Located all around the Showgrounds are a total of sixteen pavilions and arenas. These include:-
- The Grand Pavilion is the primary site for showbags. It is also the home of large food hall, 'Eat Street'.
- The Grand Boulevard is a boulevard with selected themed commercial sites scattered along the spine sweeps across the full length of the site.

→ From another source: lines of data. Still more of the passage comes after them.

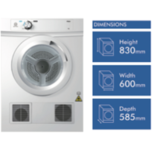 Banish laundry days with the Haier 6kg Sensor Dryer. This vented clothes dryer features intelligent Sensor drying technology that automatically adjusts drying time and temperature for optimal results. With 7 versatile programs including Air Dry Normal Dry and customizable time settings from 30 to 180 minutes you can gently dry everything from delicates to bulky bedding. The reverse tumble action prevents tangling while the warm or cool temperature options ensure customized care for all fabrics. Compact yet powerful this 600mm wide dryer delivers 6000ml capacity in a slim wall-mountable design. The sleek white finish adds simple elegance to any space. Save time and energy with features like auto drying sensor small load setting and stacking bracket for pairing with a Haier washer. Quiet and efficient this dryer provides 2-star energy rating for cost savings.Bring intelligent drying and care to your laundry days with the Haier Sensor Dryer. The manufacturer's part number for this product is HDV60A1. Learn more about its convenience today.
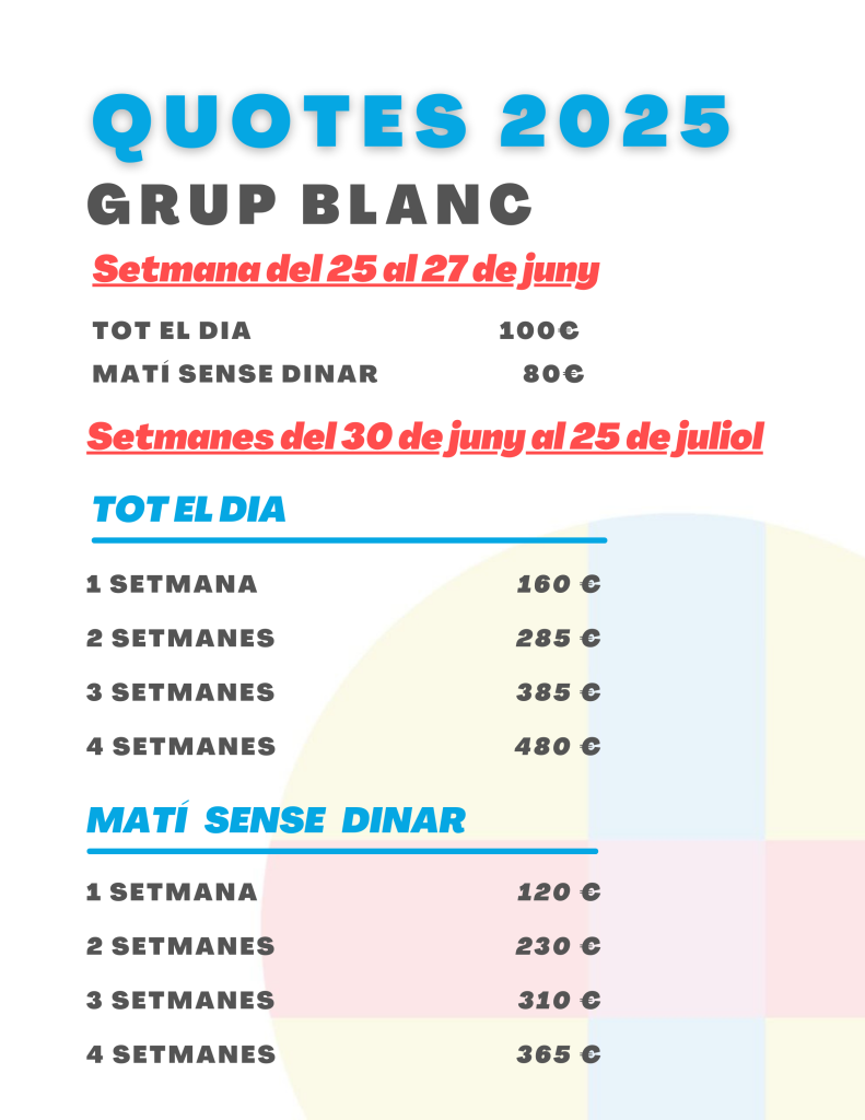 A continuació, us detallem els preus segons el nombre de setmanes a les que inscriviu els vostres fills/es.
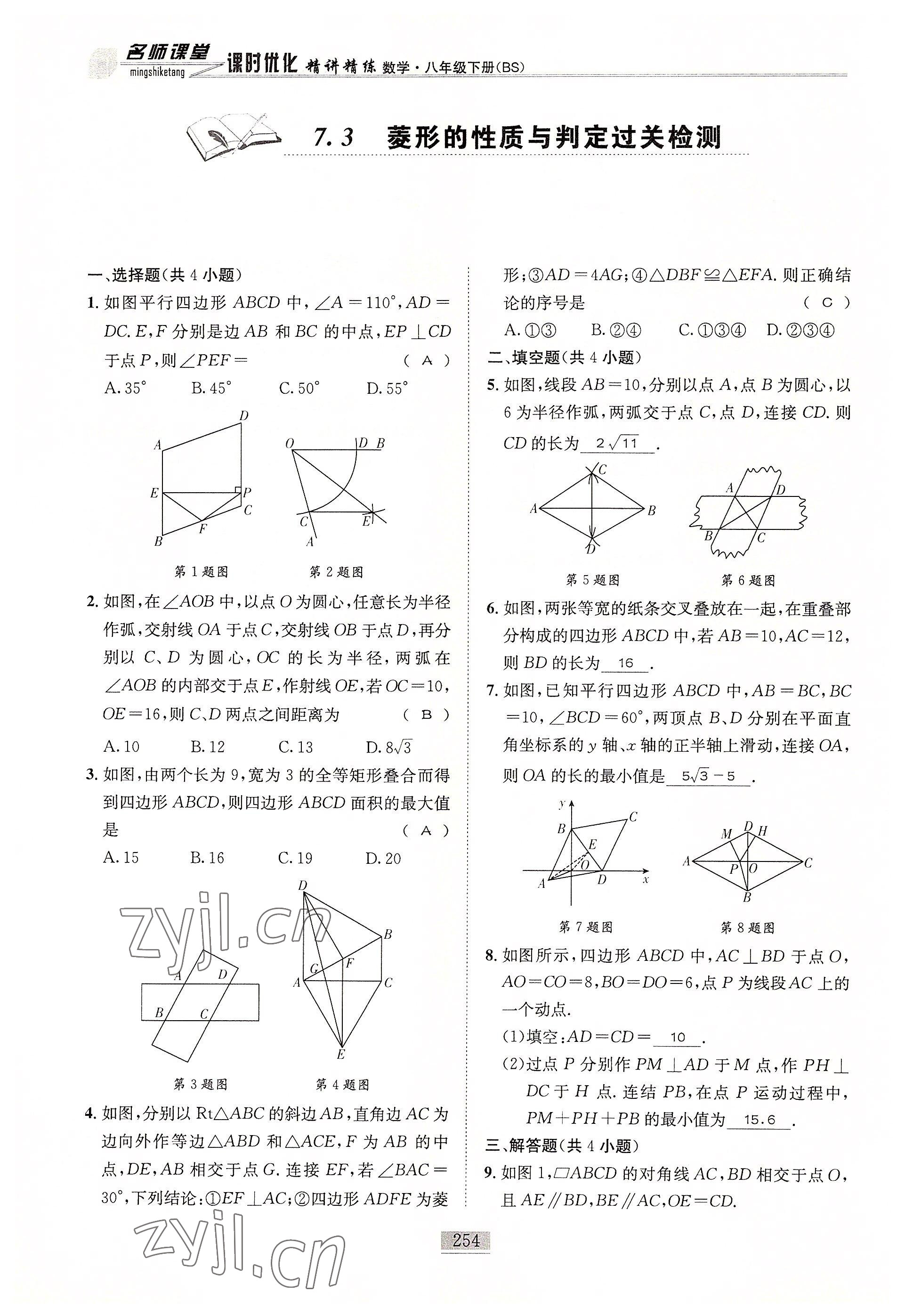 注:目前有些书本章节名称可能整理的还不是很完善,但都是按照顺序排列的,请同学们按照顺序仔细查找。练习册 2022年名师课堂课时优化精讲精练八年级数学下册北师大版 答案主要是用来给同学们做完题方便对答案用的,请勿直接抄袭。
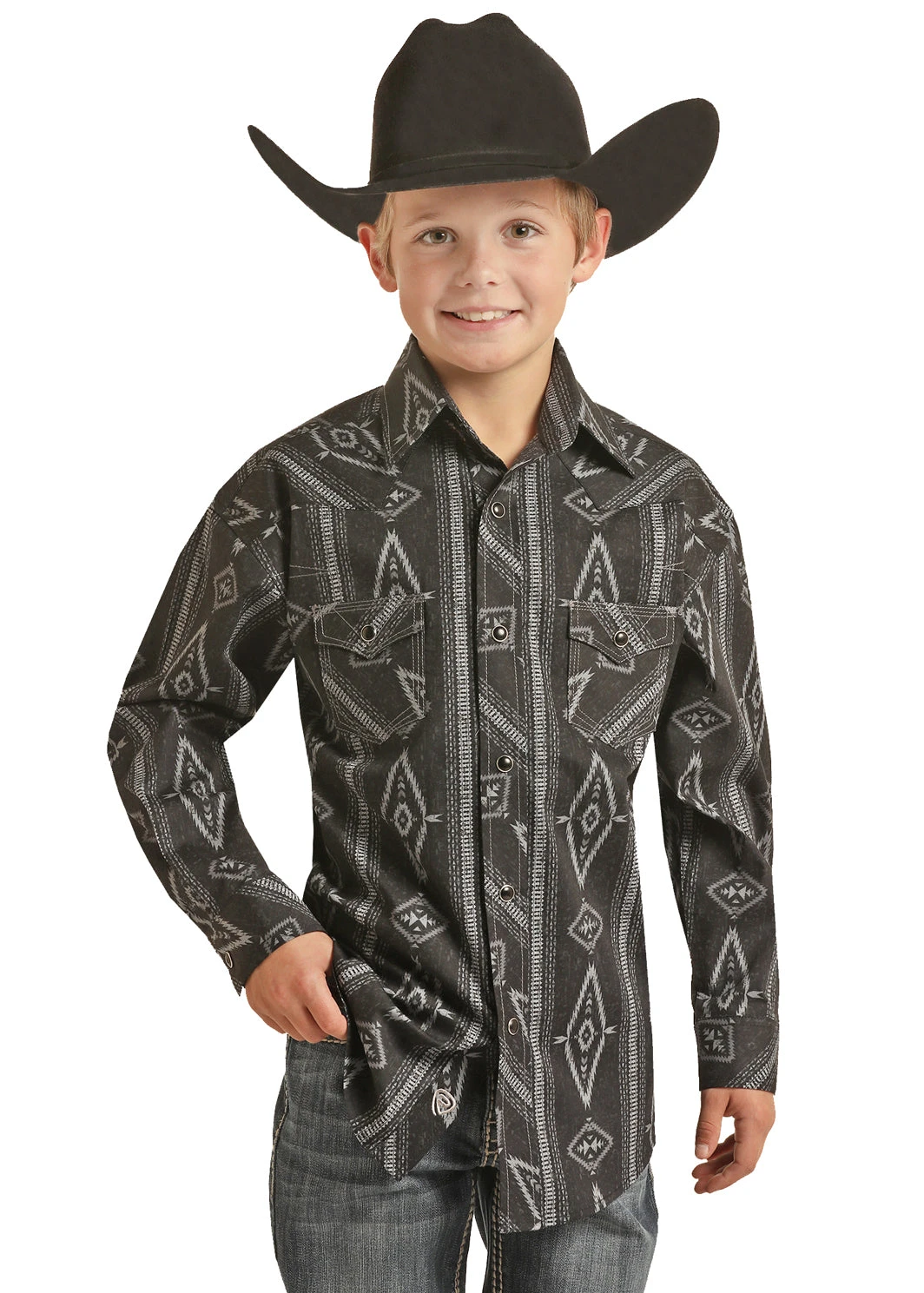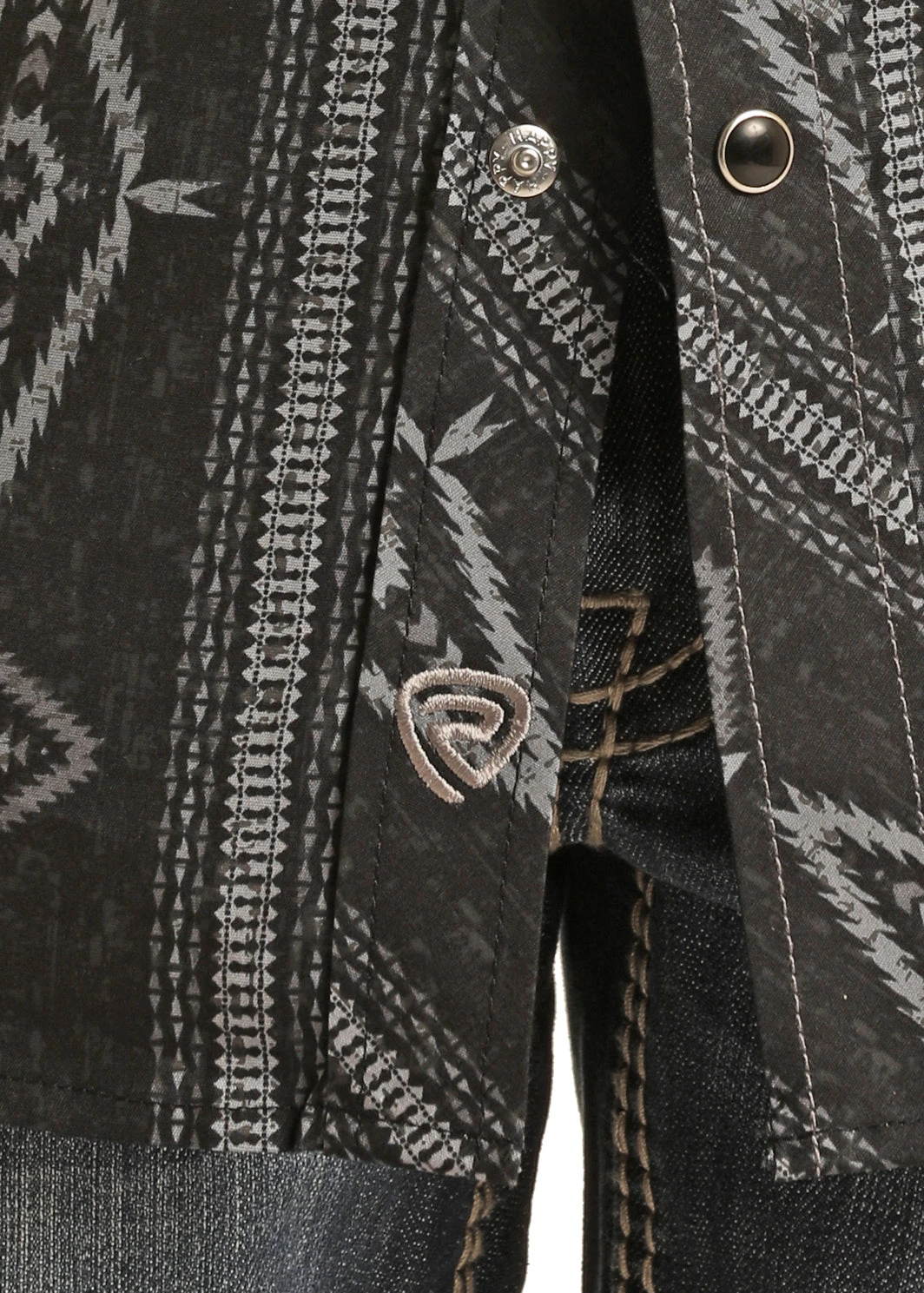 Black and Charcoal Aztec Print Long Sleeve Snap Front Shirt.
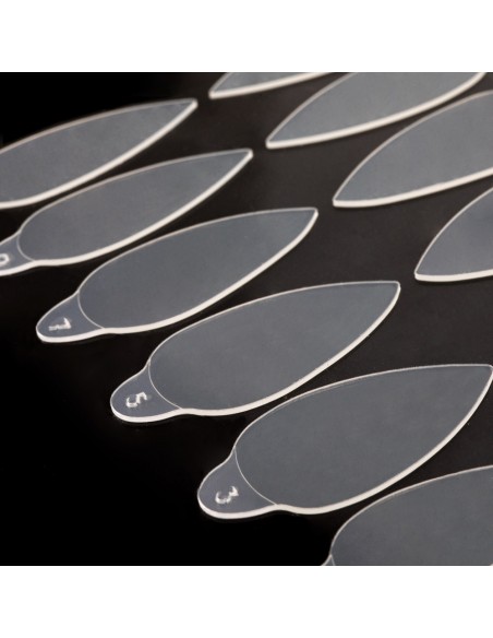 Med 4 forskjellige former kan vi lage den perfekte neglesengen for enhver neglelengde, fra firkanter til avantgarde. Klistremerkene kommer i forskjellige bredder, noe som gjør dem ideelle for alle typer fliser. Klistremerkene kan også klippes med skarp saks og brukes til duallformer.
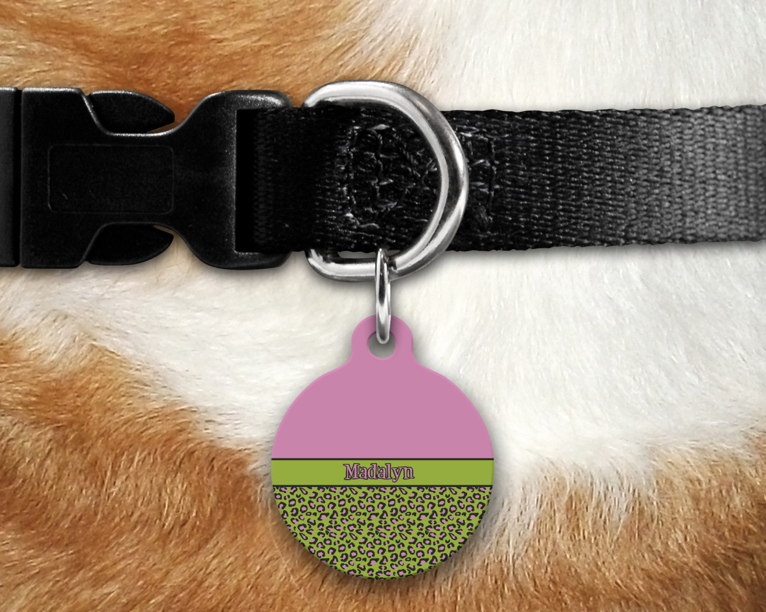 Go ahead; skip the monotony of plain pet ID tags with your very own, customized & personalized, round pet tag! This pet ID tag, fitting for both cats and dogs, will catch the eye of any onlooker (humans, canines, and felines, alike!) and accentuate your pet's individual personality.
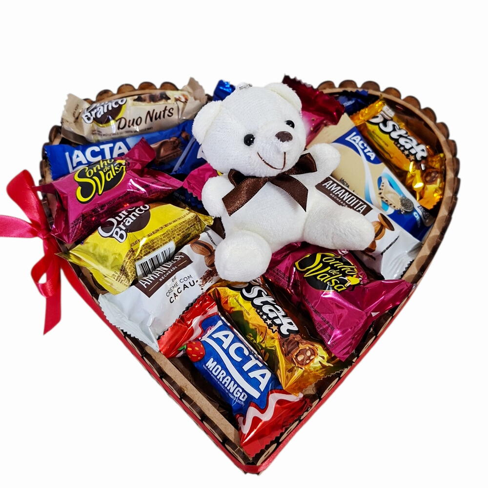 sacola kraft - 1 un. bombons lacta ou nestlé - 14 un. celofane e laço - 1 un. urso chaveiro de 10cm - 1 un. cesta coração mdf - 1 un.
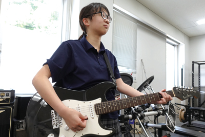 ロックやポップスの演奏を通してギターやベース、ドラムなど心を通じ合わせ演奏しています。学園祭などで披露し、ステージを華やかに彩ります。 |
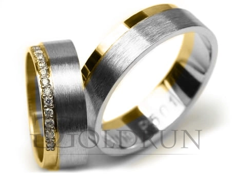 Obrączki ślubne dwukolorowe płaskie z cyrkoniami 6mm Premium
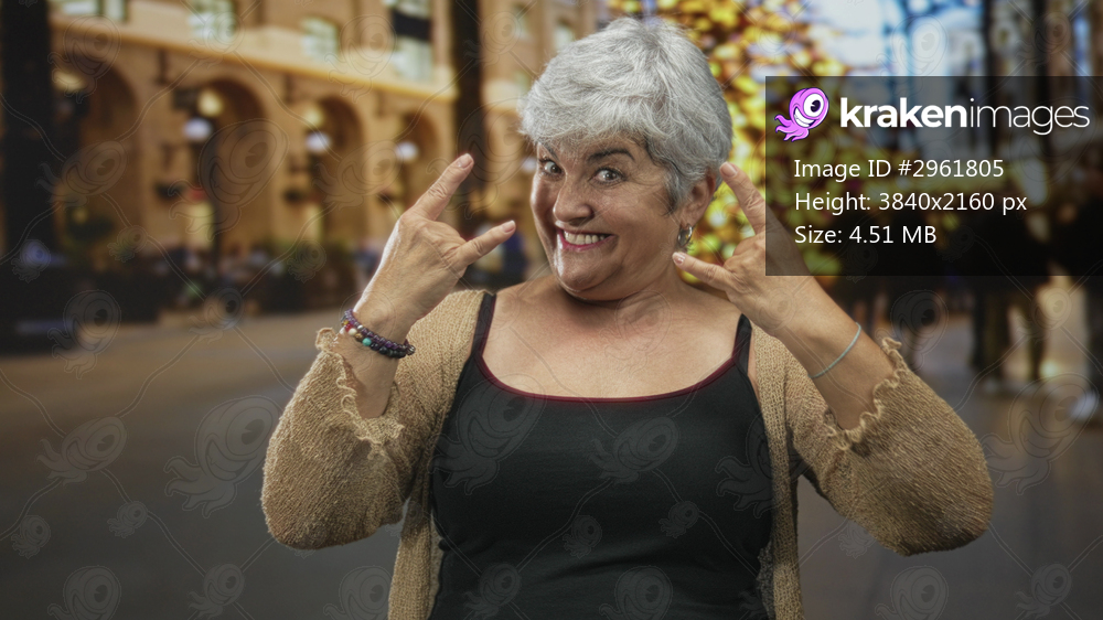 Woman senior wearing tanktop and cardigan showing rock hand gesture with hands and smile in building; playful confidence.
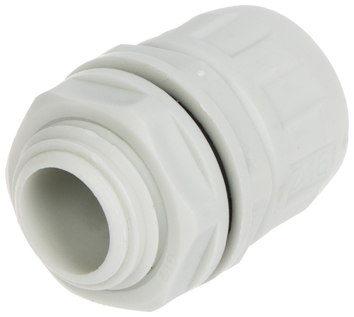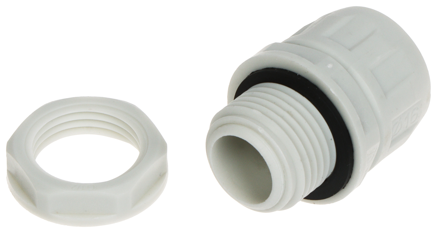 Cable bushing for GUS-16G/30 spiral pipe, screwed. Suitable for mounting boxes with 20mm hole diameter;
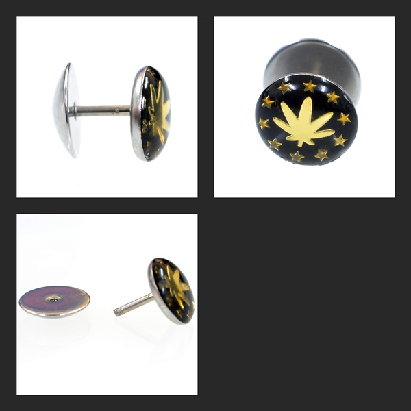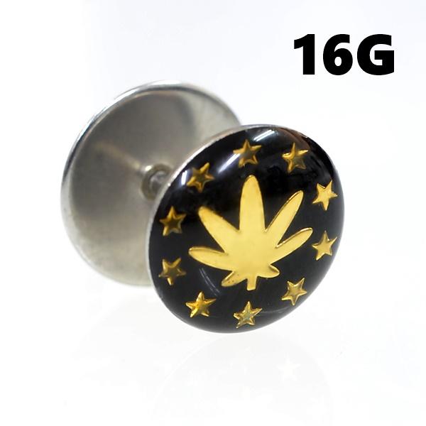ボディピアス 16G 1.2mm マリファナ フェイクプラグ フェイクバーベル ストレートバーベル 軟骨ピアス 片耳売り
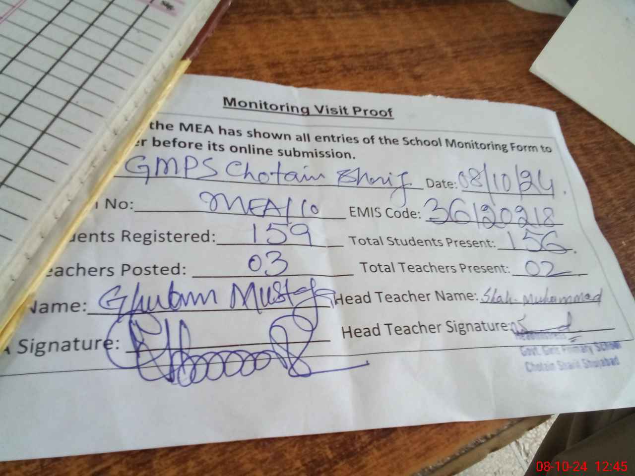 | EMIS Code: 36120218 | Name of School: GMPS CHOTAIN SHARIF | |||
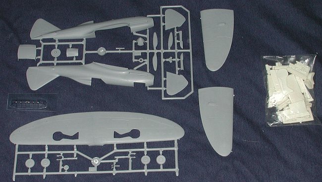 The injected parts are for the general airframe, prop and landing gear. All of the rest is in resin. This includes the interior, exhausts, gear actuating struts, gear doors, main and tail wheel wells, guns and various exterior lumps and bumps.
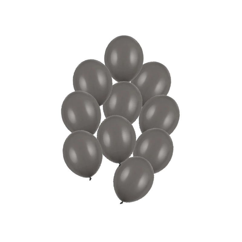 Zestaw 10 sztuk wysokiej jakości balonów lateksowych w kolorze szarym.
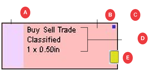 Solid thin Color bar representing the Section of the display ad (the gray bar along the left edge in picture above). Optionally, the ad layout may be filled with the classification color, in which case the classification bar will not be displayed since the entire ad will be colored by class/section. The colors are assigned by Plan (not user configurable) to enable quick distinction of classification groups.
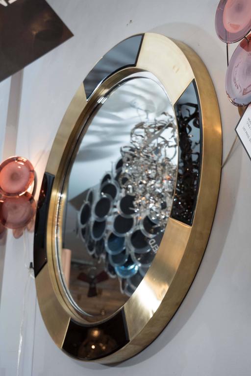 Black and brass frame circle mirror. Minor blemishes that is consistent its age on the frame.
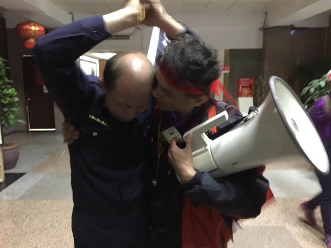 抗議群眾向警衛(wèi)表示“我們不是為難你”,并說“好,我們離開,趕快往‘立法院’集中”,一行人很快離去。
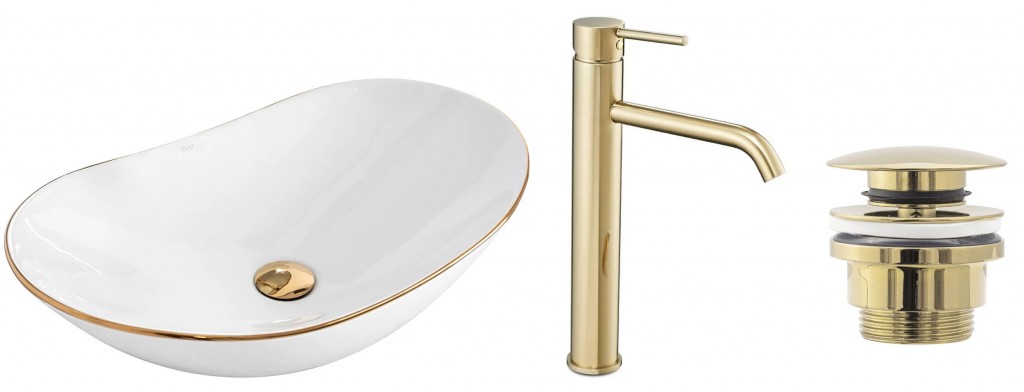 Představujeme vám moderní a maximálně funkční set umyvadla na desku ROYAL, vysoké baterie LUNGO a univerzální zátky. Umyvadlo na desku Rea o rozměrech 62,5x36 cm je vyrobené z vysoce kvalitních materiálů a splní požadavky všech, kteří si cení kvality. Díky harmonickým liniím se perfektně hodí k jakémukoli stylu, tomu modernímu i klasickému. Efektivní tvar mu dodává lehkost, což znamená, že můžete umístit dvě umyvadla vedle sebe. Vedle umyvadla umístíte 28 cm vysokou umyvadlovou baterii v moderním zlatém provedení a pro dokonalý vzhled sladíte s výpustí stejné barvy jako je baterie.

- The Entertainment Dome was a roofed attraction that replaced the "Herald Sun Town Centre" in 2012. An entertainment venue with food stalls, a major stage (designed for major events/shows), and also a smaller stage for music acts. In 2012 it hosted the My Kitchen Rules live show. In 2016, the Entertainment Dome was replaced by the open Town Square, which featured a full performance stage, a high-dive act, seating, shading, food operators and large screens.
- The Main Arena is a 9,000 square metre open air arena where crowds can watch the special events and entertainment.
- The 9News Lifestyle & Local Heroes Pavilion held in Victoria Pavilion, which includes educational displays for children, Channel 9 activations and various retail outlets.
- The Animal Nursery has baby animals.
- The Farmhouse is an interactive animal space including shearing and milking demonstrations and activities including pat-a-chook, pat-a-pig, grinding grains and digging for veggies.
- The Woodchop Pavilion has woodchopping competitions during the day attracting competitors from Australia and around the world.
- The Livestock Pavilion. is a huge pavilion where visitors can see animals or watch what's happening on the judging rings.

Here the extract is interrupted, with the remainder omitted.